«Como no me he preocupado de nacer, no me preocupo de morir». Federico García Lorca
“Dale café, mucho café”, ordenó el general Queipo de Llano al gobernador civil de Granada cuando supo del arresto de García Lorca. Hace ochenta años, la intolerancia asesinó sin duelo a uno de los más grandes poetas en lengua castellana, cuyos restos siguen hoy en el limbo de la ignominia. Cuando las balas segaron el ingenio del escritor granadino en una barranca perdida, a punto estaba de ver la luz ‘Poeta en Nueva York’, reflejo de su experiencia en la metrópolis entre 1929 y 1930.
Deambulando este mes de agosto por la cuadrícula de la Gran Manzana, mis sentidos captaban mil y un estímulos de la que Federico denominó «Babilonia trepidante y enloquecedora», que me trajeron a la memoria ‘Poeta en Nueva York’, su arquitectura extrahumana, sus rascacielos más altos que la luna, sus ritmos furiosos preñados de mecánica y metal o las locuras eléctricas de Times Square, epicentro «de la ciudad más atrevida y más moderna del mundo».
Cuando al escudriñar las cumbres neoyorquinas rasgando las nubes, en ese incesante miracielos que es Manhattan, y surgió de pronto el Chrysler Building, releí mentalmente lo que la pluma de Lorca había plasmado cuando en 1930 fue testigo de su construcción: «(…) Un edificio enorme con cien pisos, blanco y negro, que es una verdadera maravilla».

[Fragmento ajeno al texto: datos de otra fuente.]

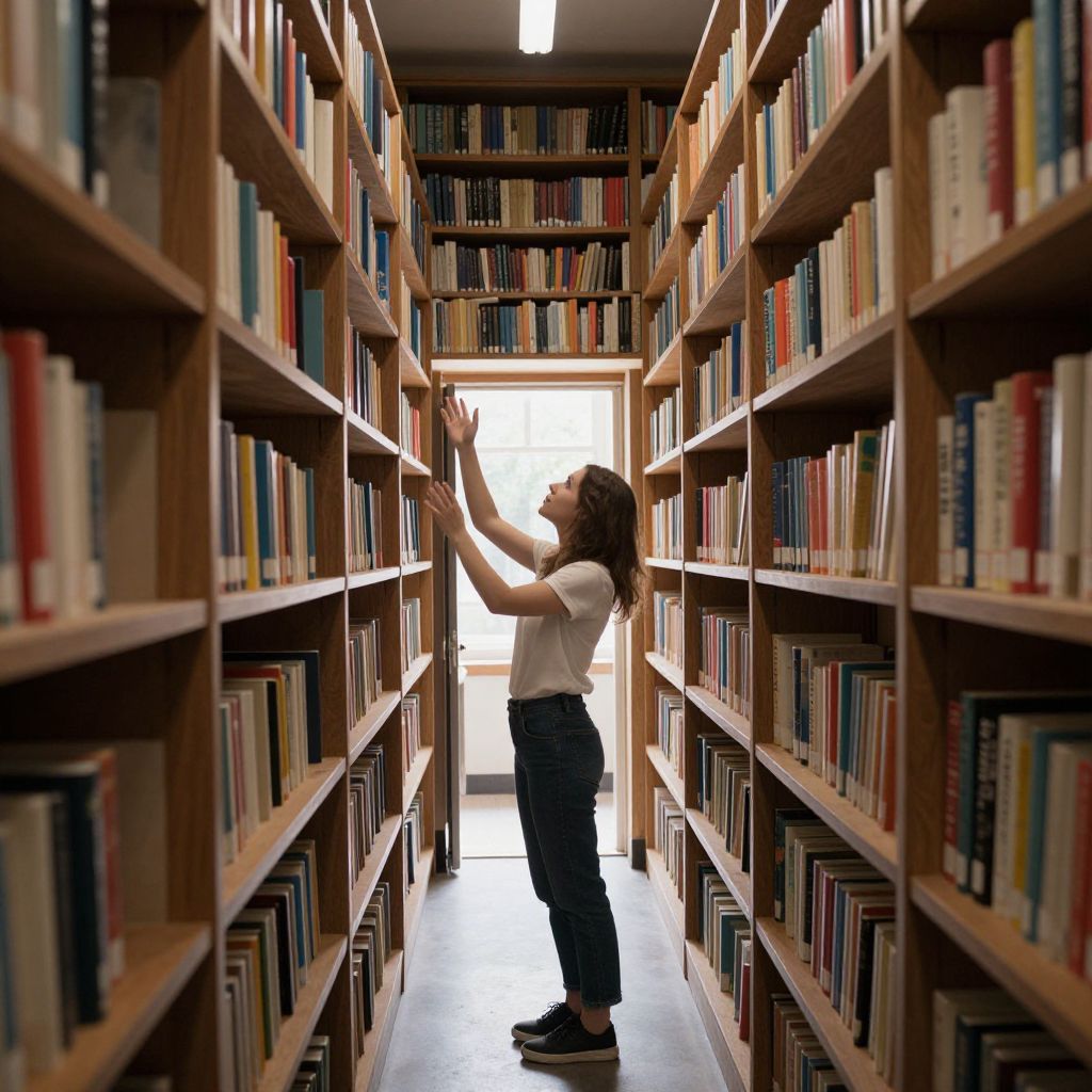 Photograph of a woman with curly brown hair, wearing a white shirt and blue jeans, reaching for books in a narrow, well-lit library aisle

De regreso a la tierra en la que ‘nunca pasa nada’, he vuelto a ‘Poeta en Nueva York’, publicado cuatro años después del asesinato del escritor: «Por el East River y el Queensborough / los muchachos luchaban con la industria, / y los judíos vendían al fauno del río / la rosa de la circuncisión / y el cielo desembocaba por los puentes y los tejados / manadas de bisontes empujadas por el viento».